From ec73a14c572d0b992accd41d898f879316fe419c Mon Sep 17 00:00:00 2001
From: James Le Houx <37665786+jameslehoux@users.noreply.github.com>
Date: Sat, 13 Jun 2026 09:47:56 +0000
Subject: [PATCH 2/2] fix(mlmg): use managed memory for EB mask to stop GPU
 segfault
MIME-Version: 1.0
Content-Type: text/plain; charset=UTF-8
Content-Transfer-Encoding: 8bit

TortuosityMLMG::solve() passed a GPU DeviceVector pointer to ActiveMaskIF,
the implicit function consumed by EB2::Build. AMReX evaluates that implicit
function on the host while generating the EB geometry, so on a GPU build the
host code dereferenced a device pointer and segfaulted (SIGSEGV/MPI_ABORT
errorcode 11) at the very first EB step — before the solve began, for every
geometry, with the GPU otherwise idle.

Because MLMG is the default solver (solver="auto"), this broke the entire
openimpala-cuda wheel for all geometries. CPU-only CI never caught it: on a
CPU build the mask pointer is host memory, so the host-side IF evaluation is
valid and the tTortuosityMLMG tests pass.

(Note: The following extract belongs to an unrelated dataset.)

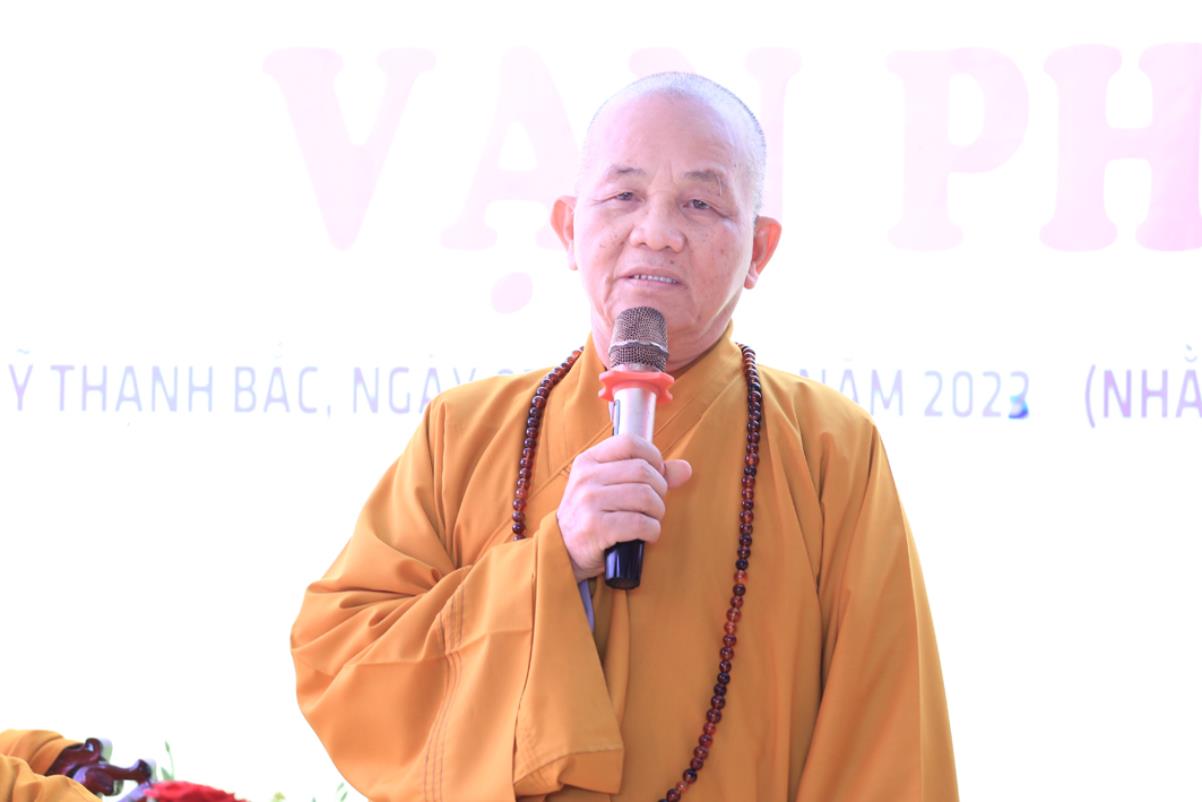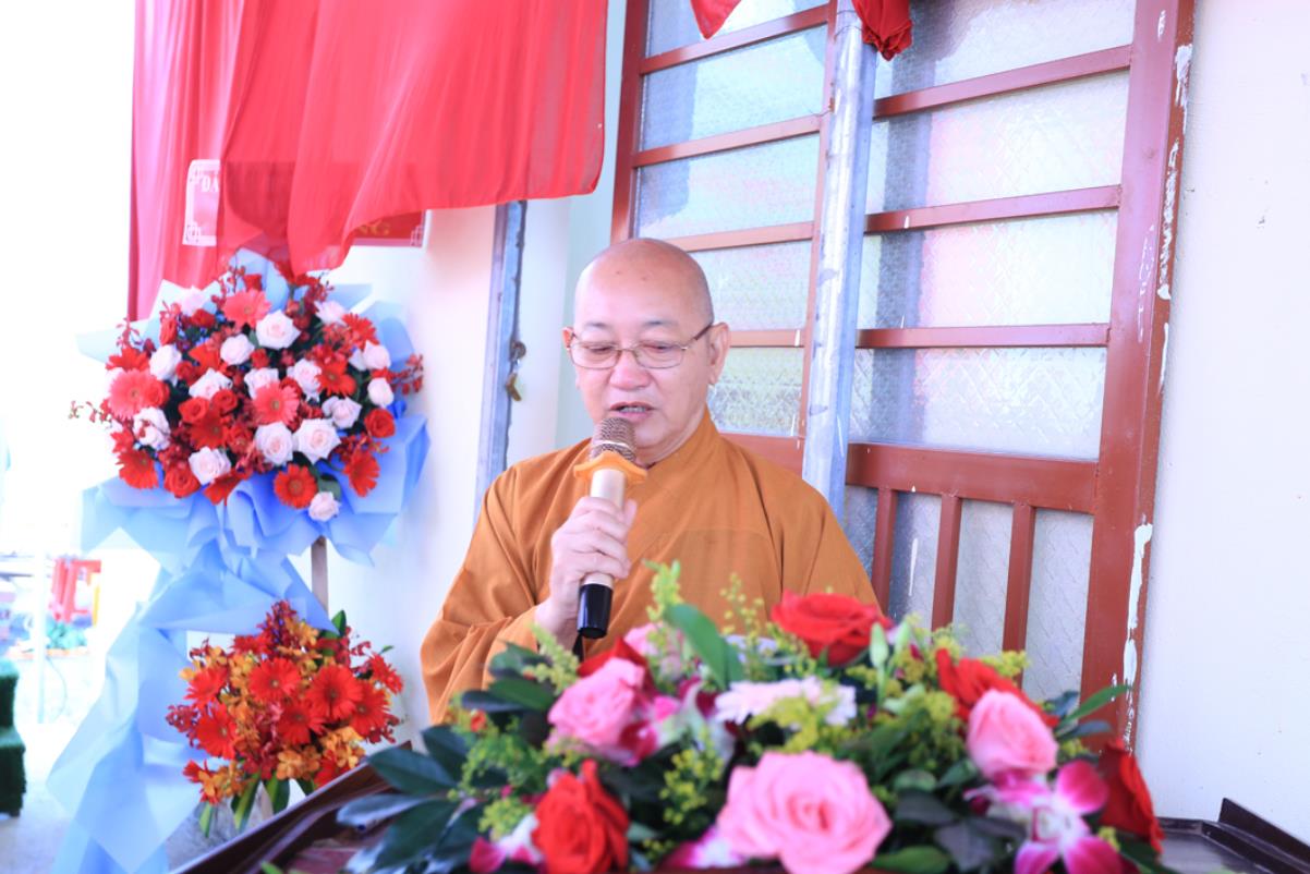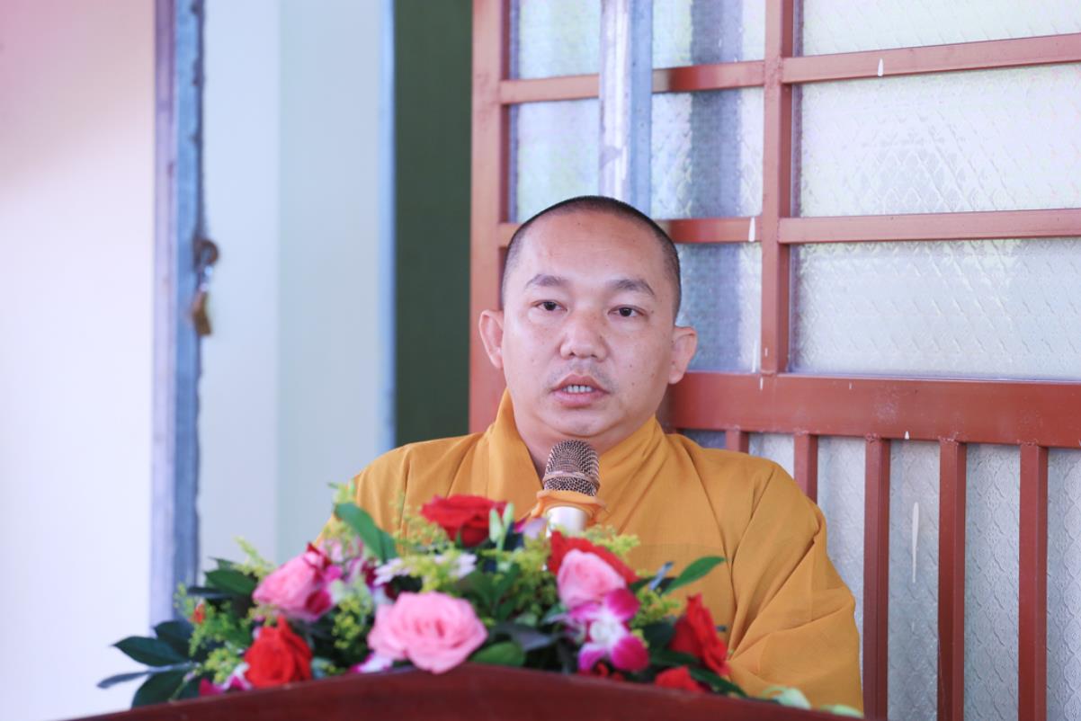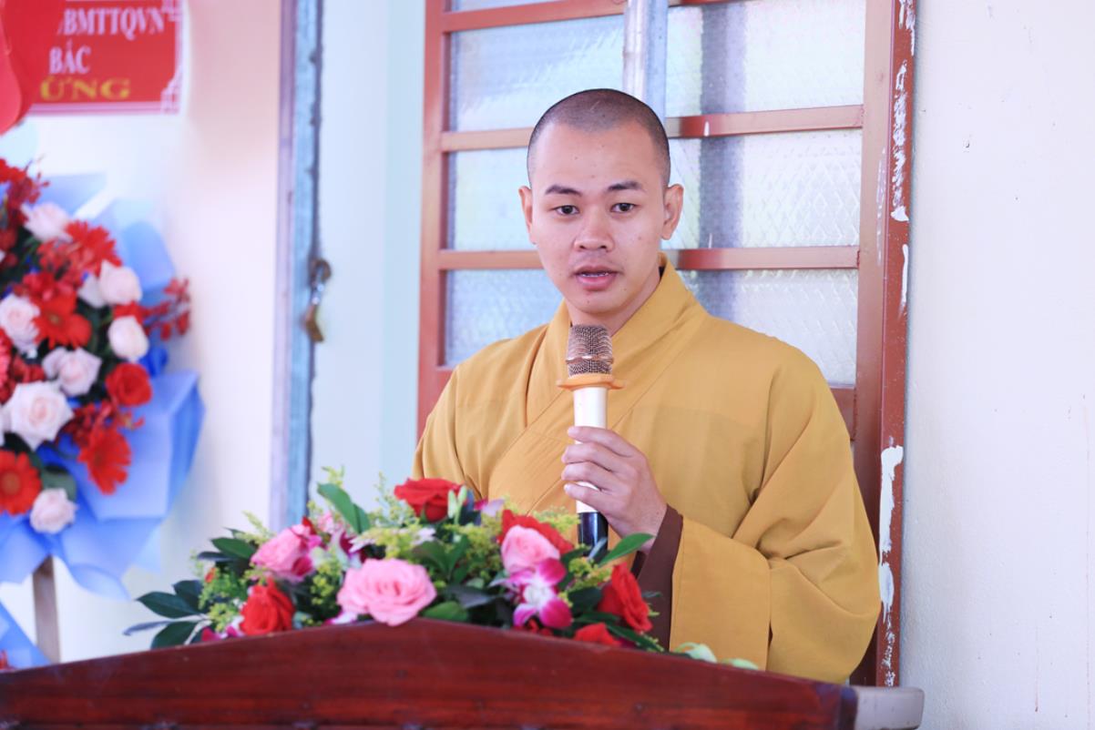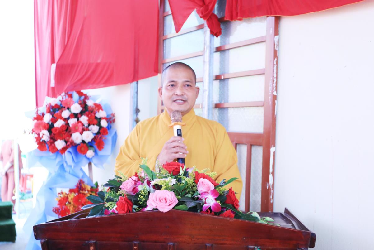 Thay mặt Thường trực BTS GHPGVN huyện Đức Huệ, Đại đức Thích Minh Trí – Phó Trưởng ban Thường trực BTS GHPGVN huyện Đức Huệ có lời cảm tạ tại buổi lễ.

Allocate the mask as amrex::Gpu::ManagedVector so the single pointer is valid
on both host and device, regardless of where AMReX evaluates the IF. On CPU
builds ManagedVector degrades to an ordinary host allocation, so behaviour is
unchanged there.

Needs validation on real GPU hardware: rebuild the CUDA wheel and re-run
solver="mlmg" on a T4 (and the profiling notebook bake-off).
---
 src/props/TortuosityMLMG.cpp | 18 ++++++++++--------
 1 file changed, 10 insertions(+), 8 deletions(-)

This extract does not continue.